> [Records from a dataset]:
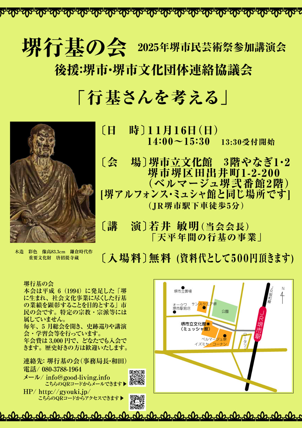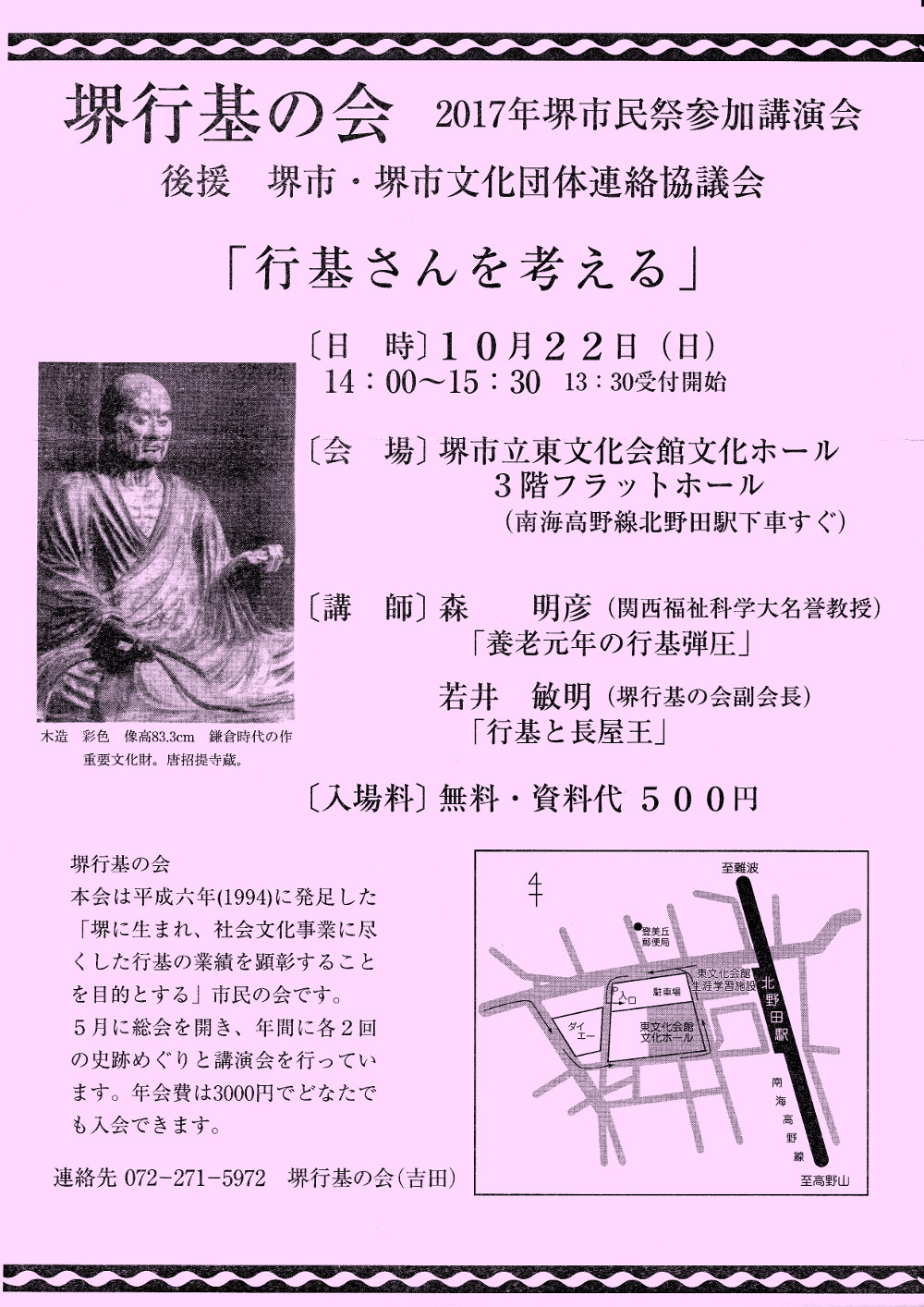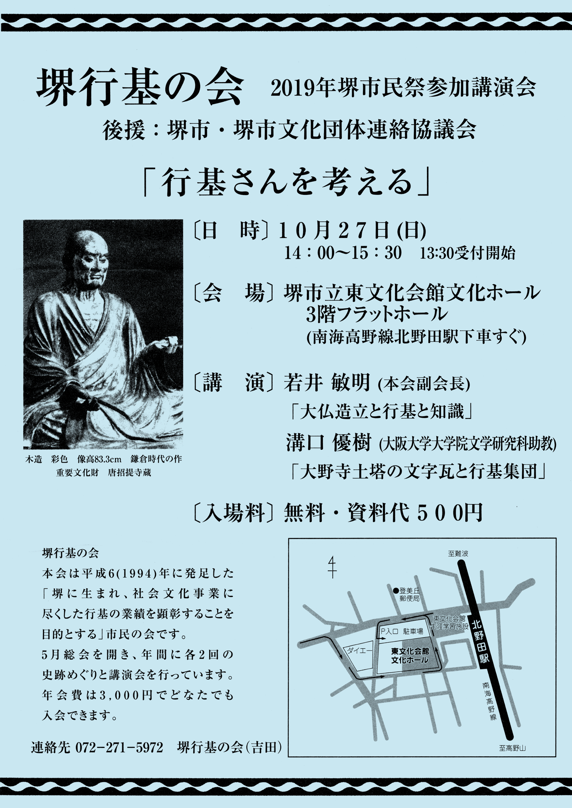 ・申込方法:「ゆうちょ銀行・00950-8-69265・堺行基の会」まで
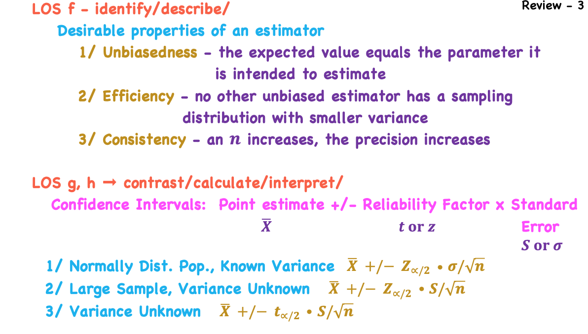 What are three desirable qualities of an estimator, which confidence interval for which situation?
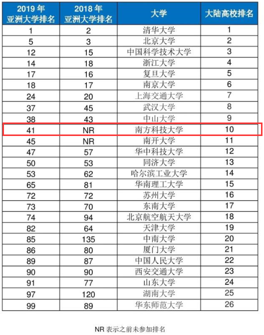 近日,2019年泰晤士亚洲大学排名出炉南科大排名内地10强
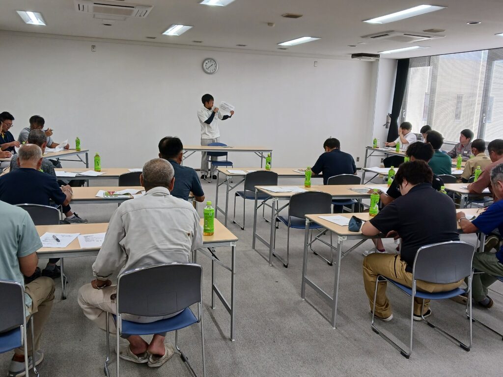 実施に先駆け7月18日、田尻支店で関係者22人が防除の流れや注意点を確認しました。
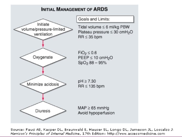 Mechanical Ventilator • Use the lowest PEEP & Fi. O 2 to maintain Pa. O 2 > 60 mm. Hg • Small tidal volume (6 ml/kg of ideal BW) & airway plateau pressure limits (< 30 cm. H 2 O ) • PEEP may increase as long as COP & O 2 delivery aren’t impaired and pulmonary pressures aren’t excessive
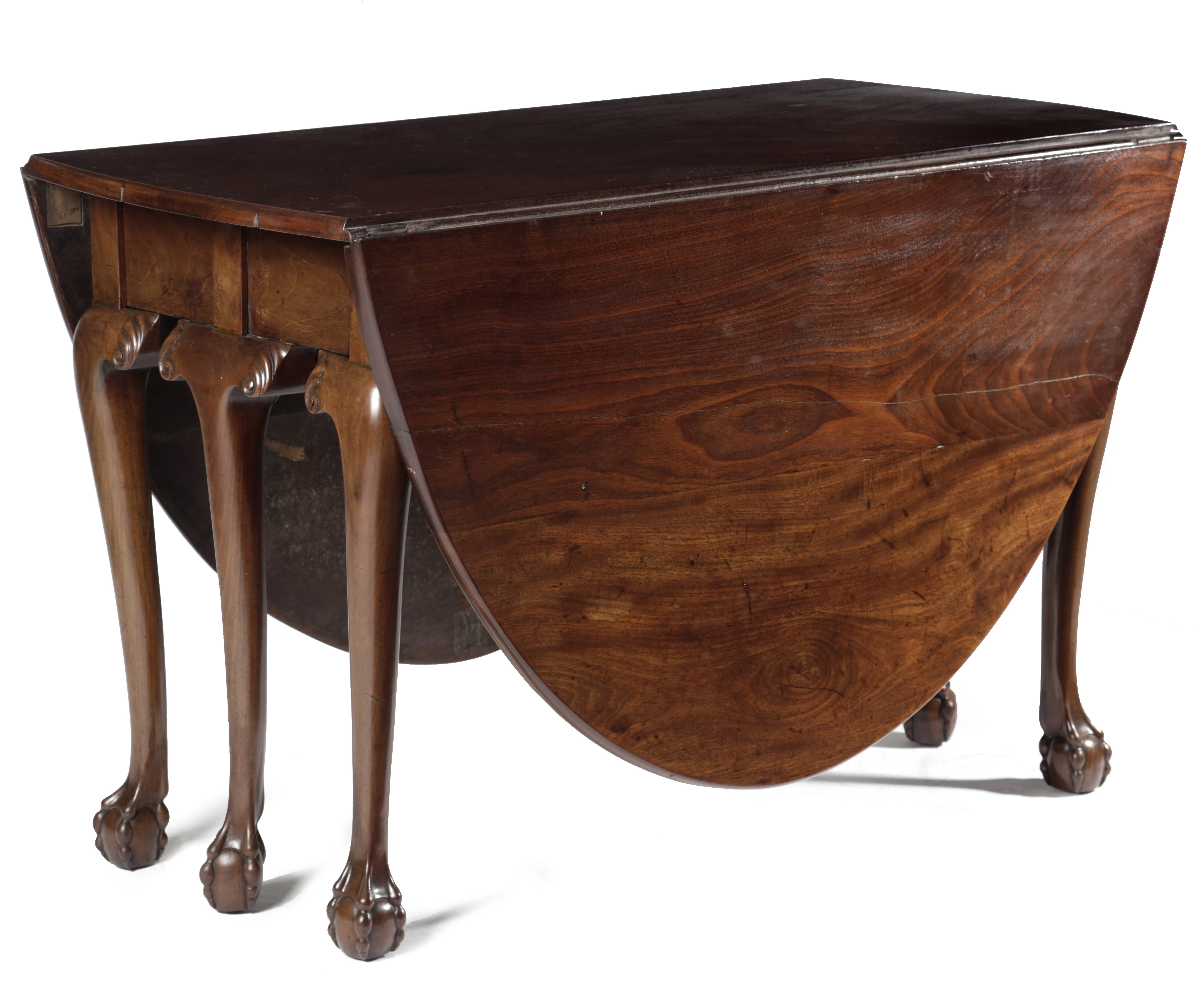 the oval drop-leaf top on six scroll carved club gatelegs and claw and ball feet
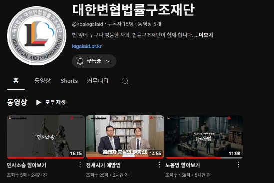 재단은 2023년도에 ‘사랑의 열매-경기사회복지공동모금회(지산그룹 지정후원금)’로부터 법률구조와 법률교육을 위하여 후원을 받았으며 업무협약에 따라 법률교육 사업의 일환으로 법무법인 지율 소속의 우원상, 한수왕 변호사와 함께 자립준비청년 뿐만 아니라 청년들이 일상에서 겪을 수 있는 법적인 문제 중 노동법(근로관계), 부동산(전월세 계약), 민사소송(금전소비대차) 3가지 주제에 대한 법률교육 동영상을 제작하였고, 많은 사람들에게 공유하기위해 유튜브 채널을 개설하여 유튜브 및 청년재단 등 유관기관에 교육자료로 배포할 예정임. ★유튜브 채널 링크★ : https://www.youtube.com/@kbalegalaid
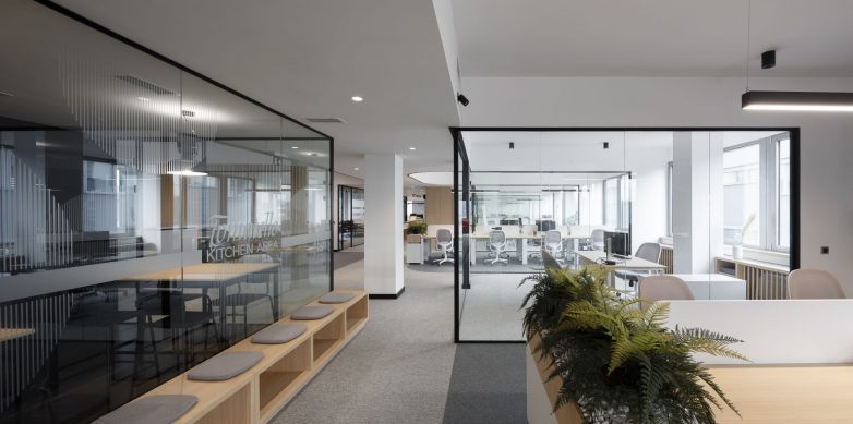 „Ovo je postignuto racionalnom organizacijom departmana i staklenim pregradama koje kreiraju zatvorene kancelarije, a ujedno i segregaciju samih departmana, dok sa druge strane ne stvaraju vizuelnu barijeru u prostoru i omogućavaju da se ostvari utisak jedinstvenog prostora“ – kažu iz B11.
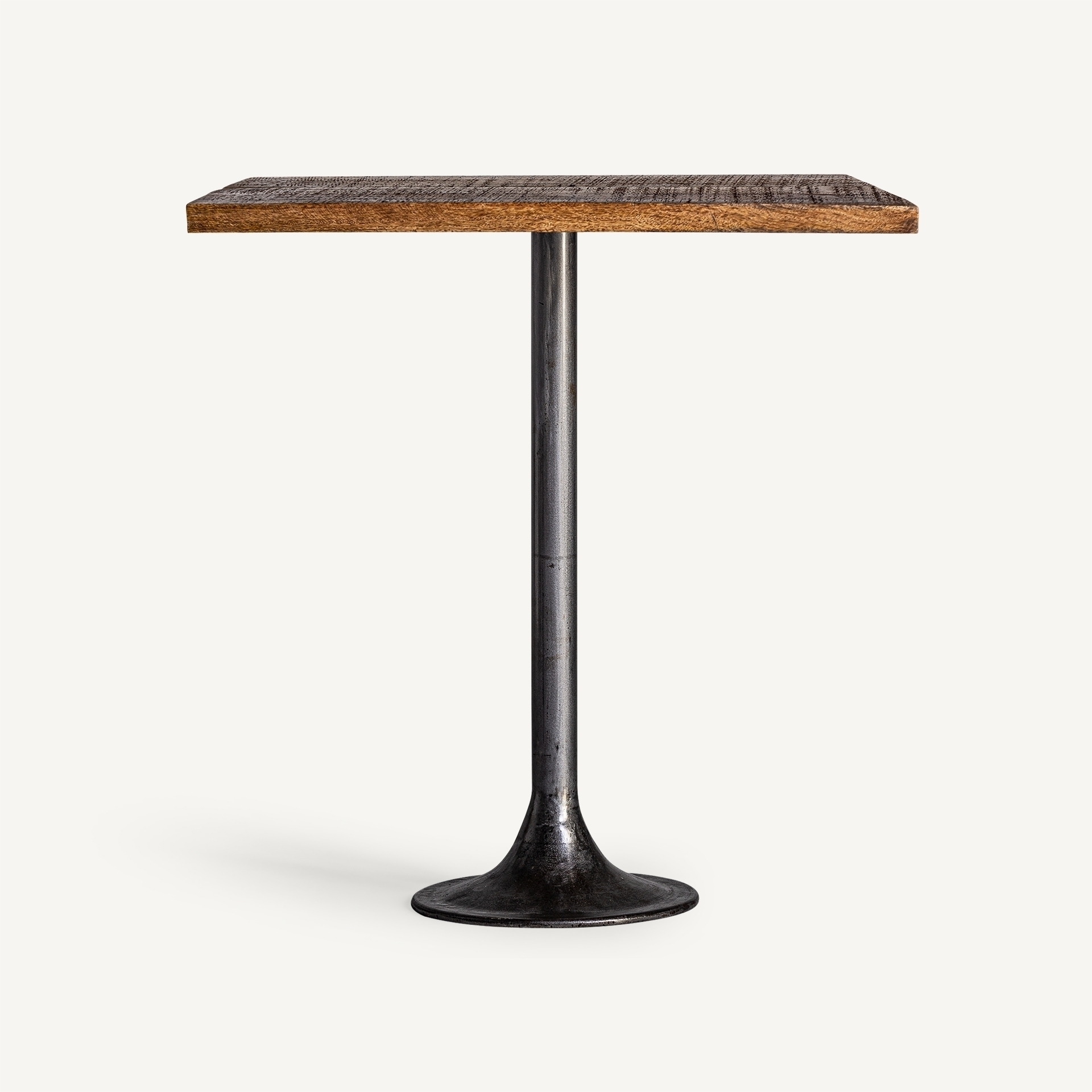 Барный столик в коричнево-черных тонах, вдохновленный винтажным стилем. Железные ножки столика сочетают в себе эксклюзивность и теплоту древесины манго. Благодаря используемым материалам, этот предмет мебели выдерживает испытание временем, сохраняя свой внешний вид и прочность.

> [Problem description]:
Print exactly the lines from the line with "What are three" through the end of the data, both ends included, and print no pictures.

> [Completed exercise]:
 What are three desirable qualities of an estimator, which confidence interval for which situation?
 近日,2019年泰晤士亚洲大学排名出炉南科大排名内地10强
 実施に先駆け7月18日、田尻支店で関係者22人が防除の流れや注意点を確認しました。
 Mechanical Ventilator • Use the lowest PEEP & Fi. O 2 to maintain Pa. O 2 > 60 mm. Hg • Small tidal volume (6 ml/kg of ideal BW) & airway plateau pressure limits (< 30 cm. H 2 O ) • PEEP may increase as long as COP & O 2 delivery aren’t impaired and pulmonary pressures aren’t excessive
 the oval drop-leaf top on six scroll carved club gatelegs and claw and ball feet
 재단은 2023년도에 ‘사랑의 열매-경기사회복지공동모금회(지산그룹 지정후원금)’로부터 법률구조와 법률교육을 위하여 후원을 받았으며 업무협약에 따라 법률교육 사업의 일환으로 법무법인 지율 소속의 우원상, 한수왕 변호사와 함께 자립준비청년 뿐만 아니라 청년들이 일상에서 겪을 수 있는 법적인 문제 중 노동법(근로관계), 부동산(전월세 계약), 민사소송(금전소비대차) 3가지 주제에 대한 법률교육 동영상을 제작하였고, 많은 사람들에게 공유하기위해 유튜브 채널을 개설하여 유튜브 및 청년재단 등 유관기관에 교육자료로 배포할 예정임. ★유튜브 채널 링크★ : https://www.youtube.com/@kbalegalaid
 „Ovo je postignuto racionalnom organizacijom departmana i staklenim pregradama koje kreiraju zatvorene kancelarije, a ujedno i segregaciju samih departmana, dok sa druge strane ne stvaraju vizuelnu barijeru u prostoru i omogućavaju da se ostvari utisak jedinstvenog prostora“ – kažu iz B11.
 Барный столик в коричнево-черных тонах, вдохновленный винтажным стилем. Железные ножки столика сочетают в себе эксклюзивность и теплоту древесины манго. Благодаря используемым материалам, этот предмет мебели выдерживает испытание временем, сохраняя свой внешний вид и прочность.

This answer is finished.